_WHAT THE EXERCISE ASKS_. The required output is the exact run of lines in the listing below from the line holding "Product Code STV826/STV828" through the line holding "First, the picture", with no pictures.

_DATASET CONTENT_.
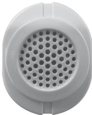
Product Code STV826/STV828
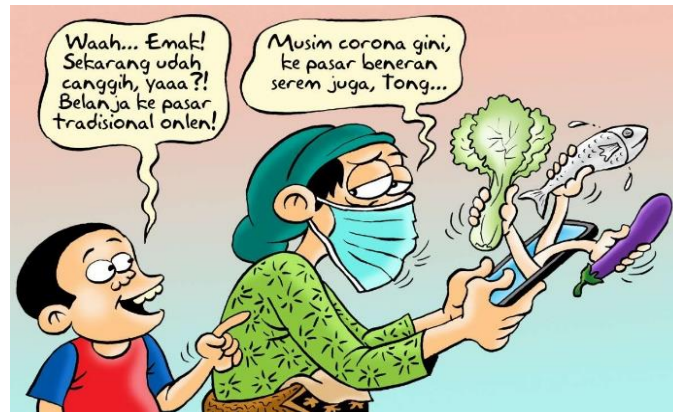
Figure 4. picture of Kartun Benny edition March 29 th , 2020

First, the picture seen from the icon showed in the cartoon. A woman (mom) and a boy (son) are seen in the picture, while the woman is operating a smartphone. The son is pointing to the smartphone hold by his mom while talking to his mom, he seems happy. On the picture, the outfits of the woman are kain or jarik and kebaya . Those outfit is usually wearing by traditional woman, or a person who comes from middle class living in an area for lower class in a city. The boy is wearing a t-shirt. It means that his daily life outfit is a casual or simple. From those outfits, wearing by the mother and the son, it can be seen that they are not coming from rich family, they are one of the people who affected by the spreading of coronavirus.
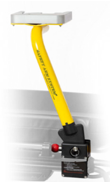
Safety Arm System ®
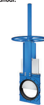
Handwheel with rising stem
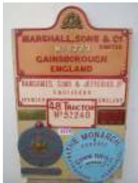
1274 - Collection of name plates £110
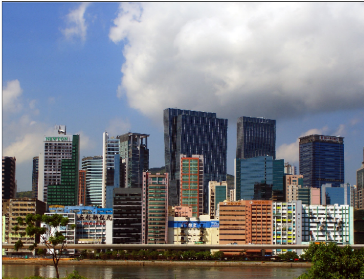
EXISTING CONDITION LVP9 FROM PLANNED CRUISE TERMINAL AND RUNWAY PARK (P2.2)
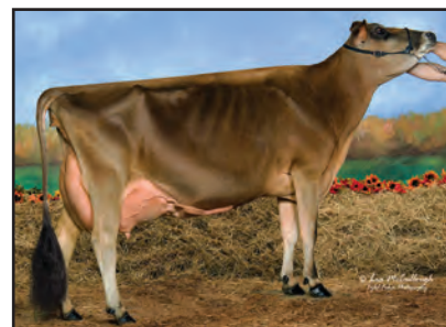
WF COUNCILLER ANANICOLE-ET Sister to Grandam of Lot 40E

---

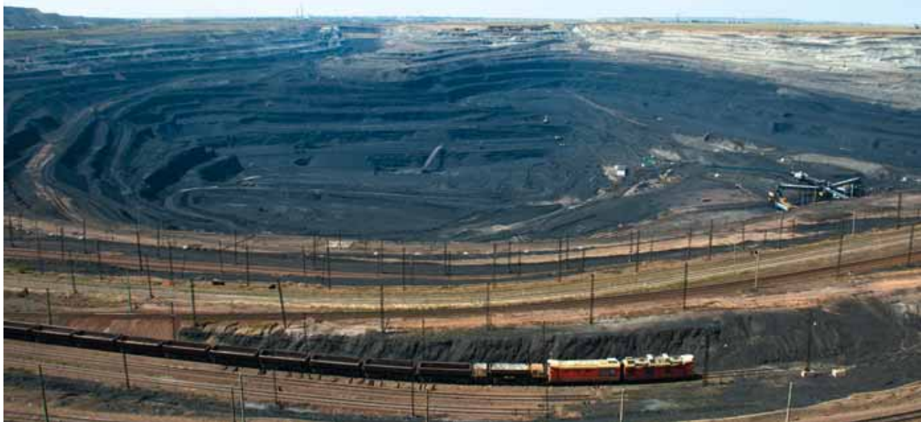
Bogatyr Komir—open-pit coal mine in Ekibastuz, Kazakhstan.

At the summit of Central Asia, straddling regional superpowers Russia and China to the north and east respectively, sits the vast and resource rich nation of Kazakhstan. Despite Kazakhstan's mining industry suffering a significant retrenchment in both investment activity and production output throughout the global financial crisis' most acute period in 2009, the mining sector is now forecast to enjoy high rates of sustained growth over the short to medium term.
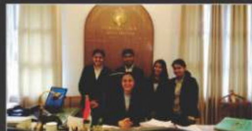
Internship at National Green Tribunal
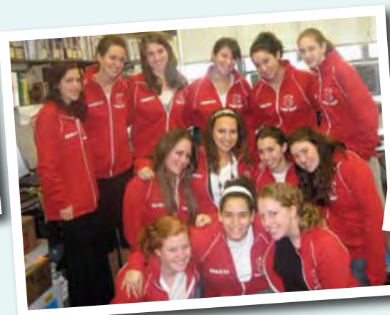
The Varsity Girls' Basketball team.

==

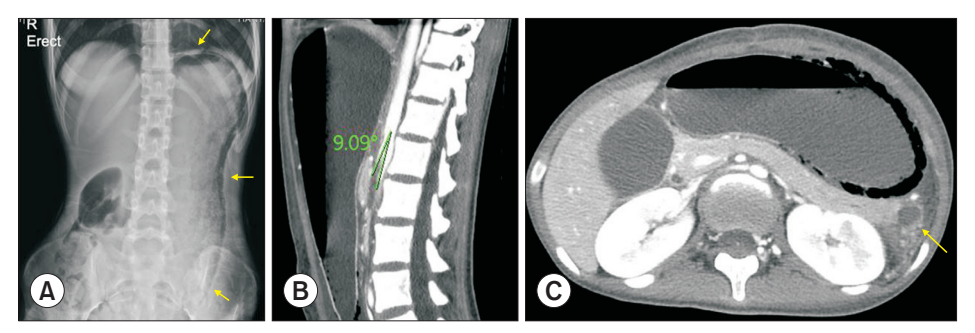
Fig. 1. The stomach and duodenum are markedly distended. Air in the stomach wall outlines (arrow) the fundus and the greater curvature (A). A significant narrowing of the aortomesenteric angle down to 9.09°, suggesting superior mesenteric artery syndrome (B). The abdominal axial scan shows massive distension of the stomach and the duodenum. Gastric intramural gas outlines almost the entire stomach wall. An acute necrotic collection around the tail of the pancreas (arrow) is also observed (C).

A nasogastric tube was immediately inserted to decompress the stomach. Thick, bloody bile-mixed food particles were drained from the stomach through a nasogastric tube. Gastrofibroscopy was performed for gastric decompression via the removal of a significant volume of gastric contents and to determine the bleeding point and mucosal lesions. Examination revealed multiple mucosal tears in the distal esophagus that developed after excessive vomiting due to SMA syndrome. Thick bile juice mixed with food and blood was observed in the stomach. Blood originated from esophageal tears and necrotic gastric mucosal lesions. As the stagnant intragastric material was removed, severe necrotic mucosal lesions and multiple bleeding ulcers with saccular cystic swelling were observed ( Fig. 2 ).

_REPLY_.
Product Code STV826/STV828
Figure 4. picture of Kartun Benny edition March 29 th , 2020

First, the picture seen from the icon showed in the cartoon. A woman (mom) and a boy (son) are seen in the picture, while the woman is operating a smartphone. The son is pointing to the smartphone hold by his mom while talking to his mom, he seems happy. On the picture, the outfits of the woman are kain or jarik and kebaya . Those outfit is usually wearing by traditional woman, or a person who comes from middle class living in an area for lower class in a city. The boy is wearing a t-shirt. It means that his daily life outfit is a casual or simple. From those outfits, wearing by the mother and the son, it can be seen that they are not coming from rich family, they are one of the people who affected by the spreading of coronavirus.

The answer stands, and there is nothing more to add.